CAMDEN, N.J. | Since they were convicted last year of conspiring to kill military personnel, five immigrants have been busy - and at times erratic.

Eljvir Duka wrote a letter to the judge in the case seeking to convert him to Islam.

Duka and Serdar Tatar have tried to dismiss their court-appointed lawyers but changed their minds.

While maintaining his innocence, Mohamad Shnewer has apologized for inadvertently dragging his friends into the case.

As a group, they’re pursuing a lawsuit to try to get out of a tightly restricted section of the federal detention center in Philadelphia.

And a few of them were part of a quickly calmed courtroom disruption, yelling, “Allah akbar,” Arabic for “God is great,” in court.

That brings up the possibility of emotions running high on Tuesday and Wednesday when the men - or at least some of them - and their relatives and friends speak in court before a judge metes out their punishment.

“There’s a generalized concern that there may be some acting out” by relatives of the convicted men, said Michael Riley, the lawyer for Shain Duka. “They’re upset. There’s a lot of bad feelings and tempers.”

Courthouse security, which was tightened for the trial, is expected to be at a high level again for the sentencings.

Prosecutors have not publicly revealed what sentences they’re seeking. But under law, each man could get life in prison - and there’s no indication the government’s looking to give anyone a break. Two - Dritan and Shain Duka - are each subject to two life sentences.

“I anticipate some really big numbers,” said Michael Riley, the defense lawyer for Shain Duka.

When the men were arrested in May 2007, the government characterized them as dangerous homegrown plotters who were considering attacking soldiers on Fort Dix, an Army base in New Jersey used primarily to train reservists for duty in Iraq.

At the time, all the men were in their 20s, all had lived for years in the Philadelphia suburb of Cherry Hill, N.J., and all worked in jobs such as installing roofs, driving cabs and helping run convenience stores.

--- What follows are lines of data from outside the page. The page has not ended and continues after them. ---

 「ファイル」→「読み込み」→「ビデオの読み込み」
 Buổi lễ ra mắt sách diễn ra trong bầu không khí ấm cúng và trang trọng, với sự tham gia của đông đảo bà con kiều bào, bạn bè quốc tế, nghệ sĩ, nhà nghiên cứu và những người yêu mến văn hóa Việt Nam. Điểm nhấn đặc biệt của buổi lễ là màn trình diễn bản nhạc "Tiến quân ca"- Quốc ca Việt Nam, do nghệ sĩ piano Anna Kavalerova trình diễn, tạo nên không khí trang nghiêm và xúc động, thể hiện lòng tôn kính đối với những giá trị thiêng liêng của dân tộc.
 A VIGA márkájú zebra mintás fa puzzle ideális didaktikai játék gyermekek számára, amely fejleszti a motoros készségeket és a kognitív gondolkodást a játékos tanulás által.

The investigation began early in 2006, when a clerk at a Circuit City electronics store reported that some men had asked him to convert from video to DVD a movie that showed the men, and others, firing guns and yelling “Allah akbar.”

Their trial last year stretched from October through December, with much of the testimony coming from a pair of paid government informants with criminal histories.

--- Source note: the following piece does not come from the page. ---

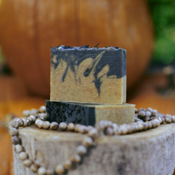 Ingredients: Saponified organic olive oil, organic coconut oil, organic flaxseed oil, organic shea butter, essential oils off Himalayan cedar, clementine, cassia, pennyroyal, powdered neem, turmeric, paprika, black iron oxide, orange peel, black pekoe tea, dried orange peel.

A jury found them guilty of conspiracy to commit murder, but acquitted them on attempted murder charges.

Four of them were also convicted on weapons charges.

There will be some legal issues that may have to be resolved. Sentencing guidelines call for stiffer penalties for people convicted in terrorism cases and those whose victims are government employees.

Richard Sparaco, the lawyer for Tatar, said there could be arguments about how those rules should be applied.

All three Duka brothers are to be sentenced on Tuesday. Shnewer and Tatar are to be sentenced Wednesday.